Abstraction Level 1: the tables, with columns grouped

TABLE USERS
generated integer primary key
name, split into two columns for first and last
an optional "screenname" alias 
email address, constrained NOT NULL and UNIQUE
information about email address validity
converted_p: was the record imported from an earlier and more primitive system?
password
URL for user's personal home page
vacation status (to suppress email alerts)
usage information (number of visits, date/time of last two visits)
registration information (when and from where? was the registration complete? approved? if so, by whom and why? banned? deleted?)
customer relationship manager (CRM) state
biography

TABLE USERS_PREFERENCES
1:1 relation with USERS table with a reference to the user_id
does the user prefer text or HTML email?
what language does the user want to see the interface in?
has the user said he doesn't want to be spammed?

TABLE USERS_DEMOGRAPHICS
1:1 relation with USERS table with a reference to the user_id
age, sex, geographic location (standard stuff for advertisers)
how did the user come to the community? was he or she referred by another user?

TABLE USERS_CONTACT
1:1 relation with USERS table with a reference to the user_id
home, work, cell, pager, fax phone numbers
instant message service screen names (AIM, ICQ [ouch, we're dating ourselves here!])
home and work mailing addresses
extra columns marked for use by an "intranet module"

TABLE BBOARD_TOPICS
generated integer primary key
topic name
is the topic active or an archive that should be mostly hidden?
how should the topic be displayed relative to other topics? At the top? In a special color? with an icon?
is the topic associated with a user group?
who can read and write to this topic? (any registered user or just members of a group?)
who can initiate a new thread? Just a moderator or any authorized user?
is this topic associated with a Web page elsewhere? if so, store info to present a "backlink"
explanatory information to present on the top-level page for this topic
explanatory information to present to users preparing to post a new thread, e.g., "check the FAQ first"
who is the primary maintainer of this topic and does he or she want email when a new thread is posted?
how should threads be displayed? Grouped into categories? Sorted by date? With a name/date suffix?
what's the moderation policy of this topic? 
if the topic is categorized, can users add new categories?
a 10-column subsystem for using a custom sort key for this forum
can users upload images or other file attachments to forum postings?

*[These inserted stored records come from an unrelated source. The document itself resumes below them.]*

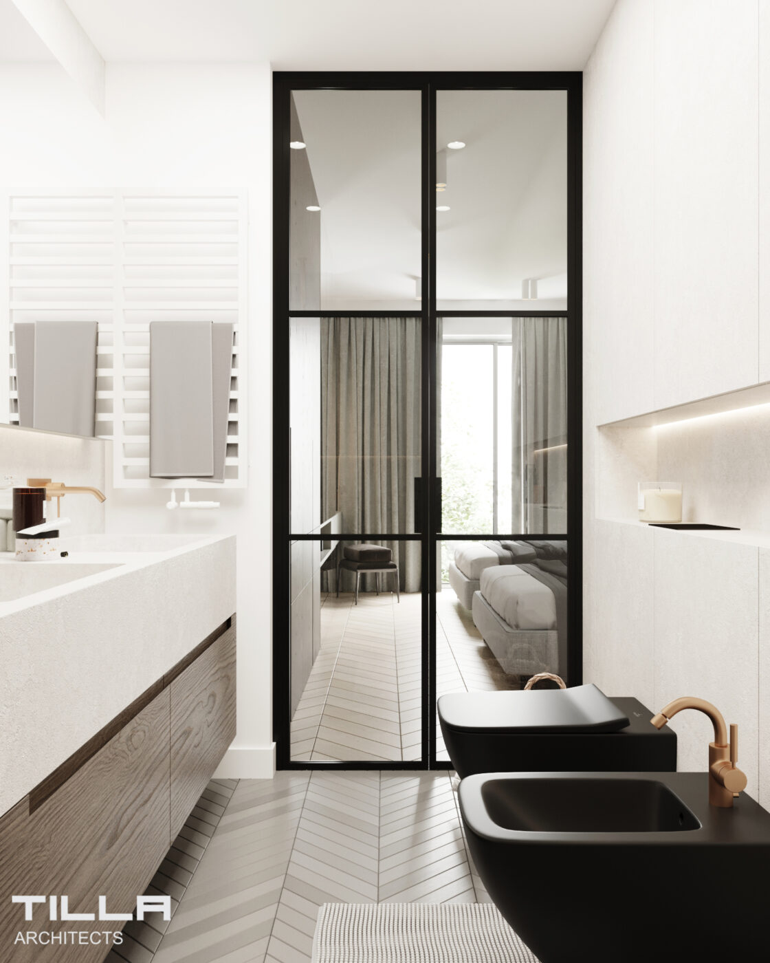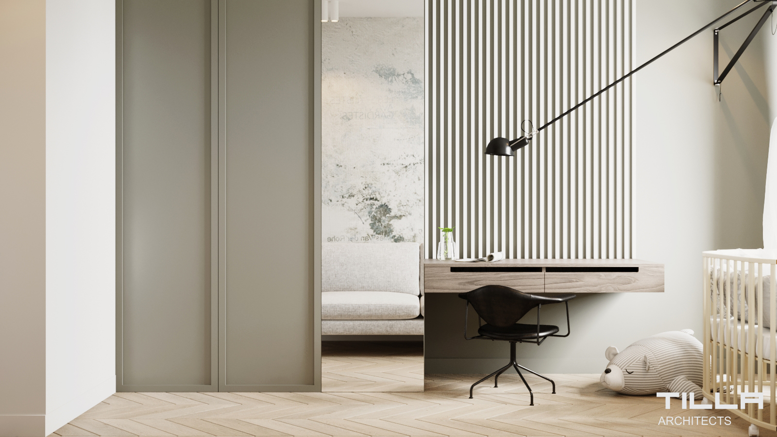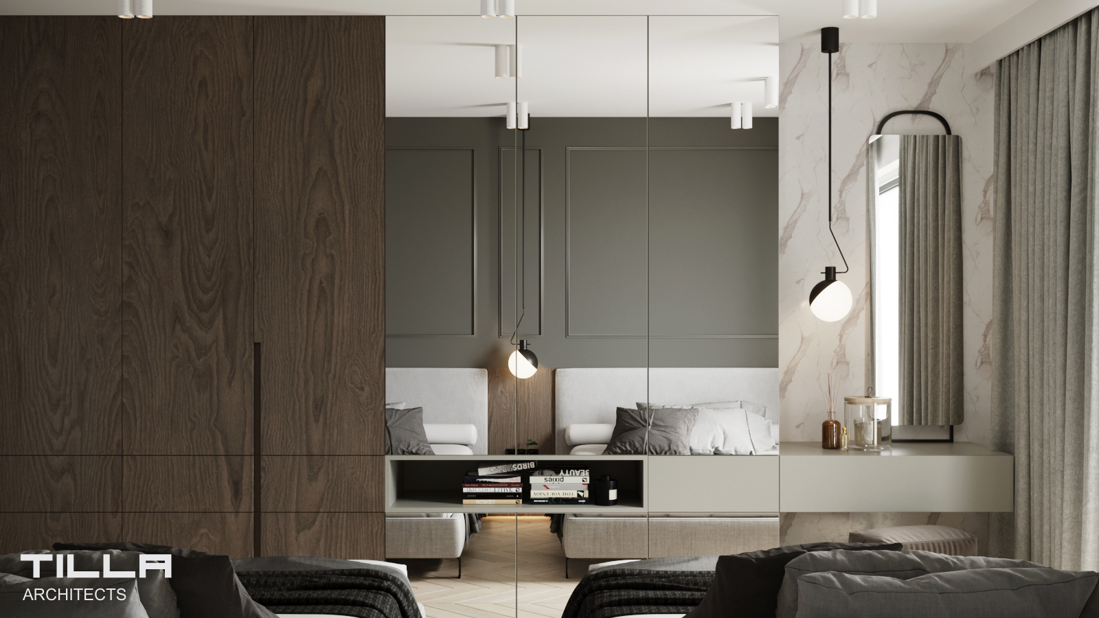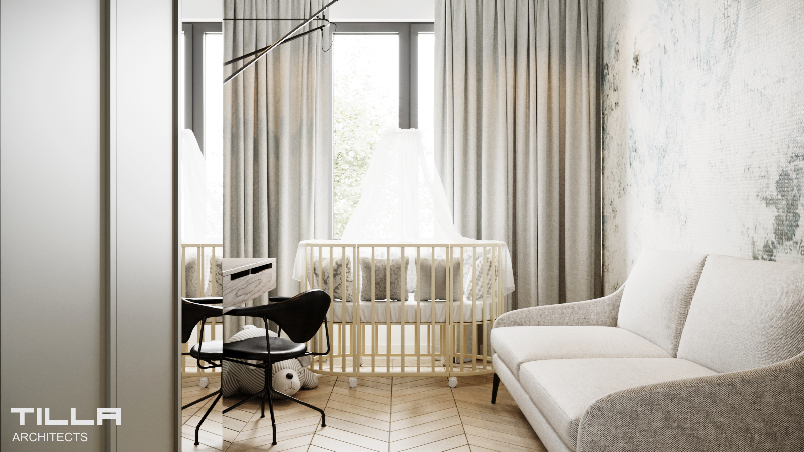 Ściana za łóżkami w sypialni została pomalowana na przyjemny odcień szarości. Wiszące lampy o kulistych kloszach stanowią dekoracyjny akcent, kontrastujący z klasyczną sztukaterią. Naprzeciwko łóżek powstała zabudowa z drewnianymi i lustrzanymi frontami, które tworzą harmonijne połączenie i powiększają optycznie wnętrze. Tuż obok zaaranżowano toaletkę. Za przeszklonymi drzwiami znalazła się łazienka. Jej ozdobą są płytki z wzorem terazzo oraz dekoracyjne płytki ułożone w jodełkę. Pokój dziecięcy jest utrzymany w neutralnych, jasnych kolorach. Znalazła się tu zabudowa, biurko, kanapa oraz łóżeczko z baldachimem. Apartament jest funkcjonalny i pełen przemyślanych połączeń. Odważny styk struktur, materiałów i kolorów to wizytówka tej przestrzeni.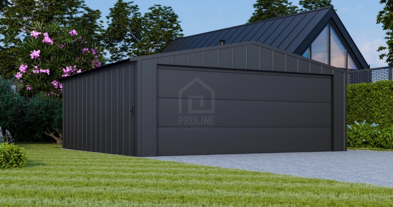 Garaż blaszany 6x5m - brama segmentowa - drzwi - blacha na rąbek - dach dwuspadowy PLG214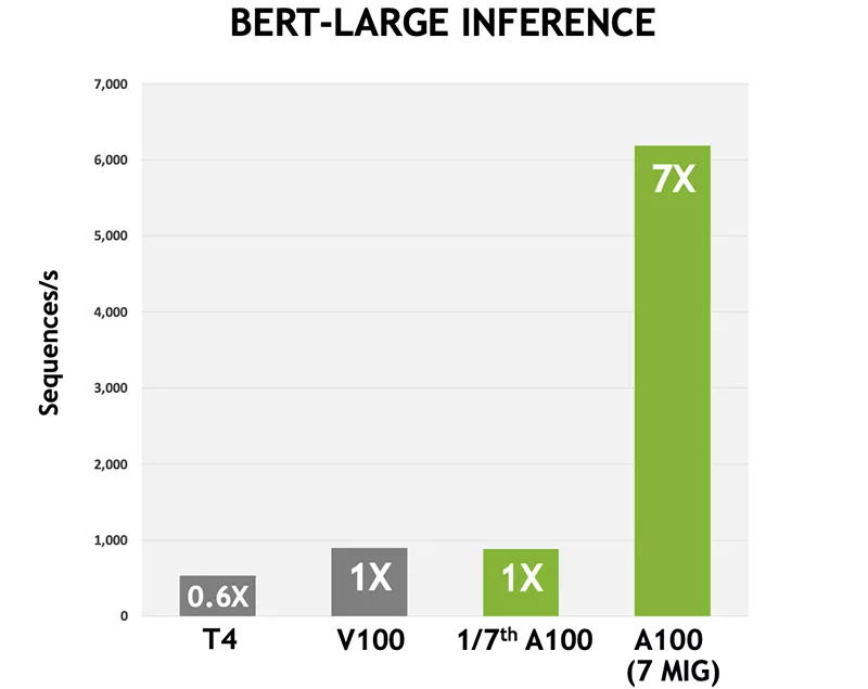 如果将A100分成7个GPU实例,1个GPU实例的算力约等同于一颗V100,也就是说A100能提供相当于V100的7倍的计算资源。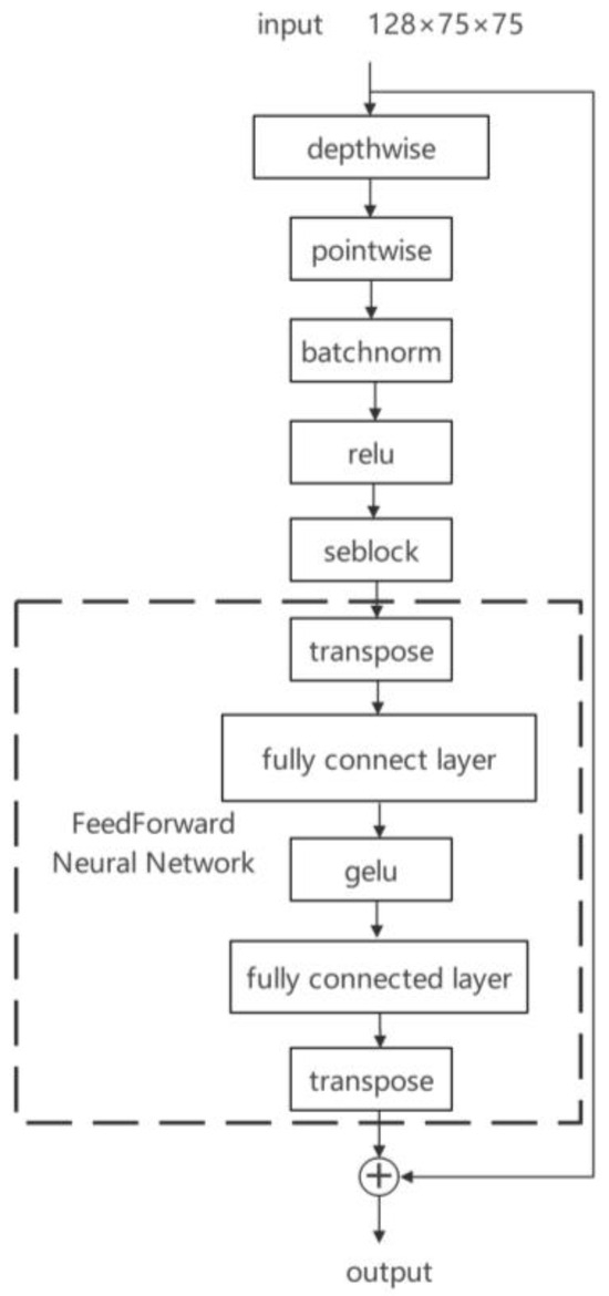 To further enhance the model’s representational capacity, nonlinear transformations are applied to the input features to capture complex relationships across different levels of features, integrating global information from the model’s input data. Building on the efficiency of depth-wise separable convolutions in reducing model parameters and computational load, a feedforward neural network (FNN) is employed, as illustrated in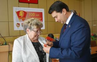 ветеранов комсомола Олег Лебеде вручил памятную медаль «100 лет ВЛКСМ».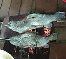 釣り上げた魚をさして、炭でバーベキューにして食べました。おいしかったです!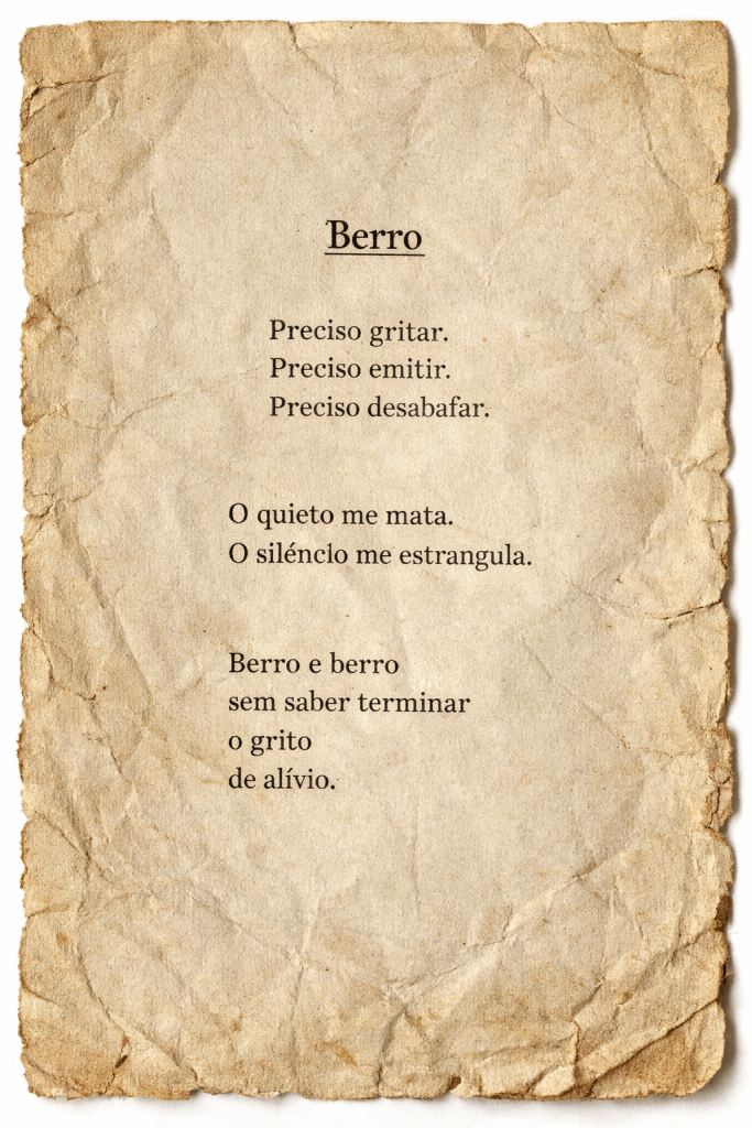 Alguém — me salve, me lave a alma. Alguém — me seja, me torne larva. Alguém — me retire, me vire do avesso. Alguém — me jogue nas águas dos medos.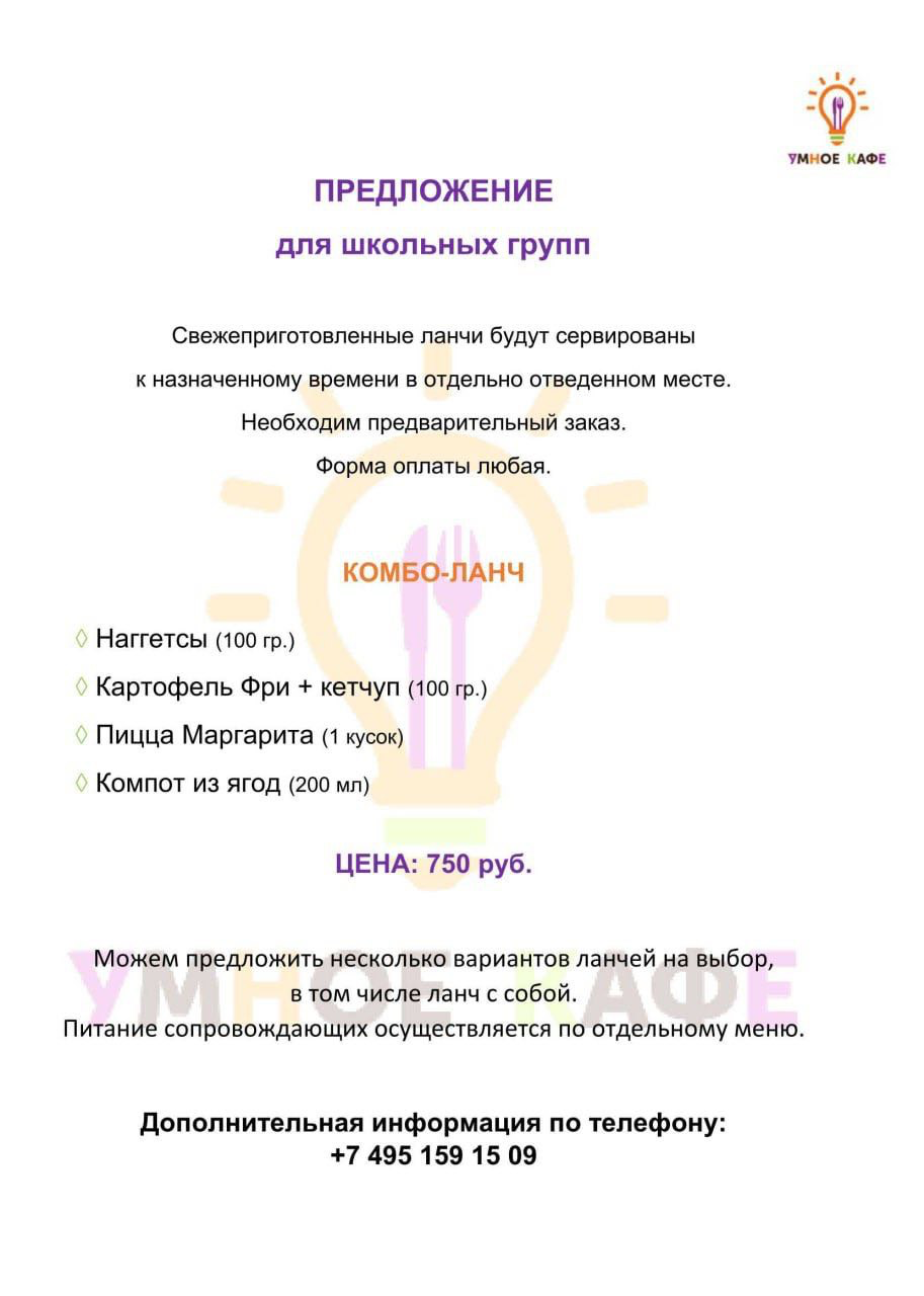 Здесь всегда можно выпить чашечку бодрящего кофе с ароматной выпечкой, забежать на легкий ланч или полноценно пообедать. Чтобы перекусить в «Умном кафе» совсем необязательно быть посетителем музея – здесь рады всем. Заказать еду из меню можно и навынос. Для организованных групп от десяти человек действуют специальные предложения.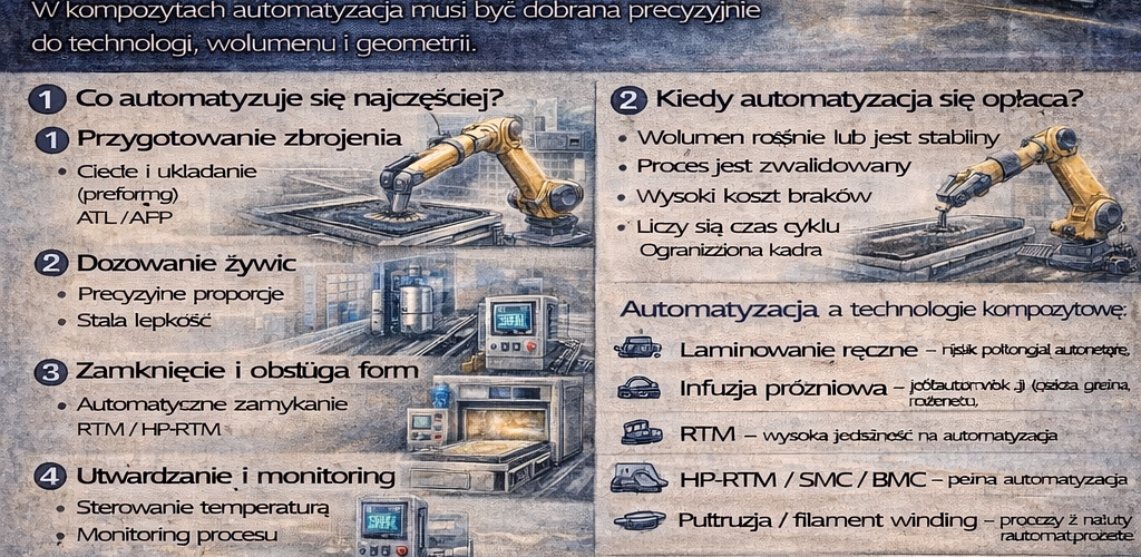➡️ Na kompozyty.net w kolejnych artykułach pokażemy konkretne przykłady automatyzacji: od infuzji półautomatycznej po linie HP-RTM i SMC/BMC – z liczbami, nie marketingiem.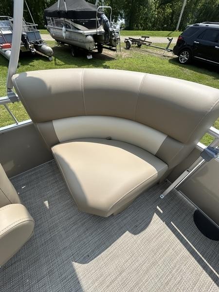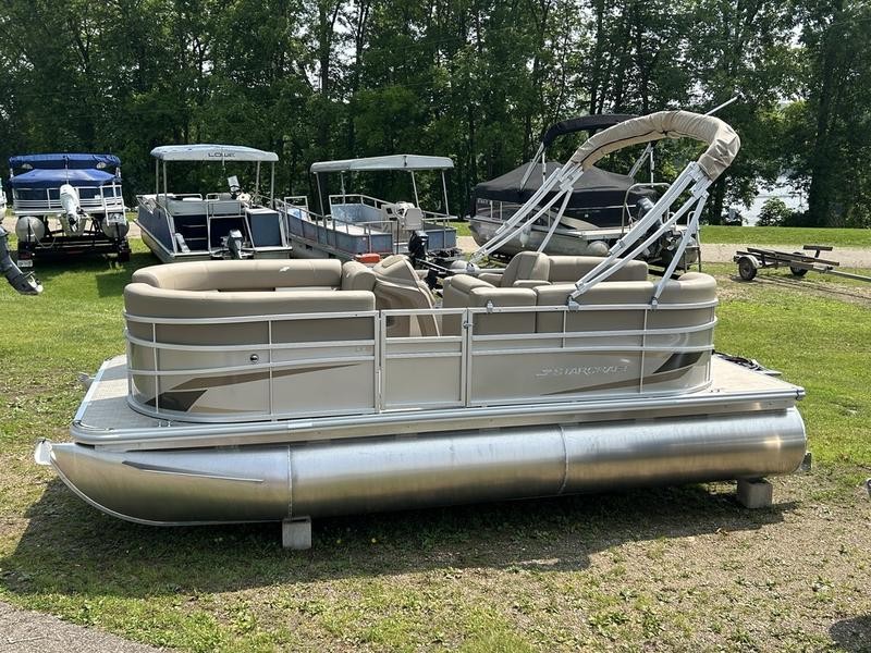 Sun, fun, and affordability all come together on the Starcraft LX 18 R pontoon boat. This feature-packed vessel is perfect for creating lasting memories on the water with family and friends. The included Bimini top provides shade for everyone on board, ensuring a comfortable cruise no matter the time of day. The captain stays in control with a comfortable low-back bucket helm seat, while the rest of the crew can relax and enjoy the scenery from the plush lounge seating that surrounds the entire perimeter of the boat. This versatile seating arrangement allows everyone to find their perfect spot to soak up the sun, chat with companions, or simply enjoy the ride. Re-entering the boat after a refreshing swim is a breeze thanks to the convenient rear entry ladder. With its focus on relaxation, comfort, and affordability, the Starcraft LX 18 R pontoon boat is the ideal choice for a fun-filled day on the water.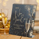 Stylish New Year's Eve party welcome pedestal sign features a champagne glass, clocks, confetti and fireworks on a midnight blue background with your party details in chic lettering. MATCHING items in our collection.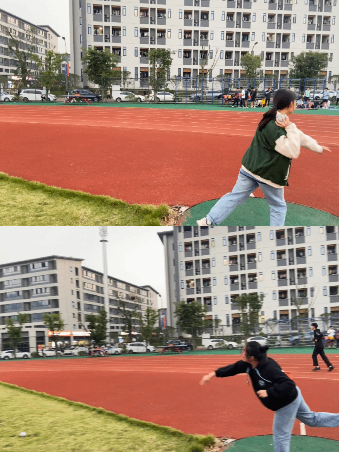 第二项活动——掷铅球。沙坑旁,选手们各已就绪,不为掌声的诠释,不为刻意地征服。他们用行动展示力量与技巧,只见运动员们身体左侧与地面垂直的瞬间,右腿迅速蹬直,上体和头部向投掷方向转动,右肩向投掷方向送出,抬头挺胸,用尽全力将沉甸甸的铅球抛出,铅球划过空中,重重地砸在地面,激起了一片尘土。他们的每一次的全力以赴只为一次问心无愧,每一次的尘土飞扬只为一次打破束缚。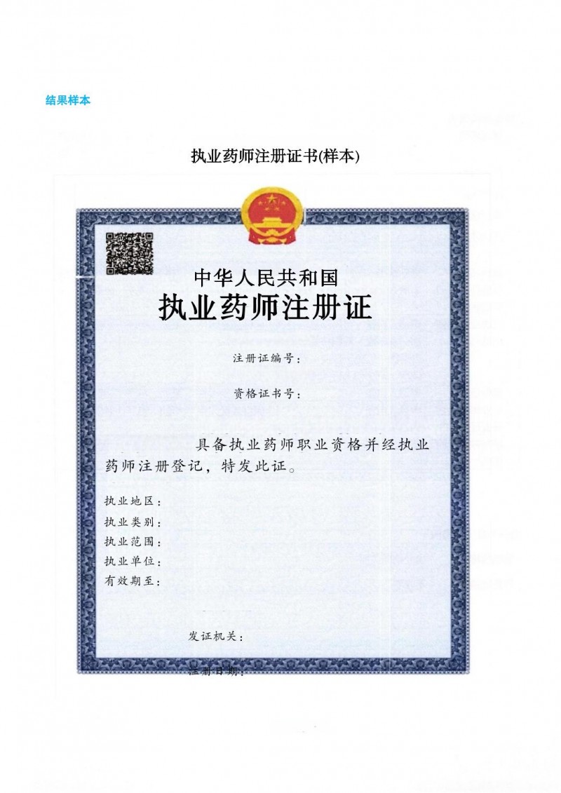 執(zhí)業(yè)藥師注冊證書樣本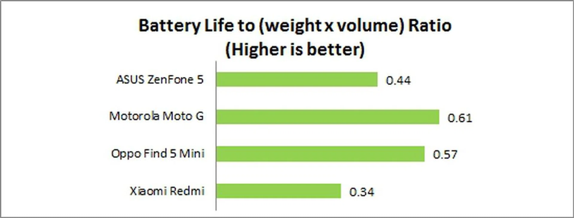 We measure the portability of a device by calculating its battery life to (weight x volume) ratio. Since it is the only 5-inch phone in this comparison, the ZenFone 5 obviously has a bigger footprint than the other phones.

TABLE BBOARD_Q_AND_A_CATEGORIES
many:1 relation with BBOARD_TOPICS referencing topic_id
text string for a category to group messages

TABLE BBOARD
many:1 relation with BBOARD_TOPICS referencing topic_id (every message is part of a topic)
unusual primary key and sorting system explained in this book
  6-character string primary key, 
  nullable refers_to column that can point to another row in the same table
  unusual 700-character sort_key so that mesages can sort in a threaded form with a simple lexicographic sort
category (if using the BBOARD_Q_AND_A_CATEGORIES system)
user_id, IP address from which posting came, and time of posting
one-line summary and full message text
format of message (HTML or plain text)
does the message expire? If so, when?
interest level of message, as rated by moderator
urgency of message
columns to support a custom sort key
columns to support geospatialization of the discussion (group messages by region or zip code)

TABLE BBOARD_UPLOADED_FILES
generated integer primary key
many:1 relation with BBOARD referencing msg_id
type and extension of file uploaded
size of file uploaded
name of the file, with and without potential crud from the client computer such as "C:\Users\Joe"
if a photo: caption, thumbnail version, original width, original height

Abstraction Level 2: the tables, with purpose and relations

TABLE USERS
essential information about a registered user, including email address and name
machinery for requiring that users be approved or verified

TABLE USERS_PREFERENCES
1:1 relation with USERS table
what kind of email and language to use with this user?

TABLE USERS_DEMOGRAPHICS
1:1 relation with USERS table with a reference to the user_id
information about how we acquired the user and what kind of ads he or she might find relevant

TABLE USERS_CONTACT
1:1 relation with USERS table with a reference to the user_id
phone numbers, instant message accounts, mailing address 

TABLE BBOARD_TOPICS
one for each discussion forum on the system, e.g., "Canon EOS", "Nature Photography", "Weddings"
moderation and categorization policy

TABLE BBOARD_Q_AND_A_CATEGORIES
many:1 relation with BBOARD_TOPICS referencing topic_id
helper table for topics with enough messages that categorization is required for archives

TABLE BBOARD
many:1 relation with BBOARD_TOPICS referencing topic_id (every message is part of a topic)
one row for each posting from a user
lexicographic sort on the sort_key will show a threaded discussion

TABLE BBOARD_UPLOADED_FILES
many:1 relation with BBOARD referencing msg_id
holds files, e.g., photographs, attached to discussion forum messages
can hold any type of file, e.g., document, video, spreadsheet

Abstraction Level 3: modules

A user-registration module providing for publisher-optional user approval and verification processes.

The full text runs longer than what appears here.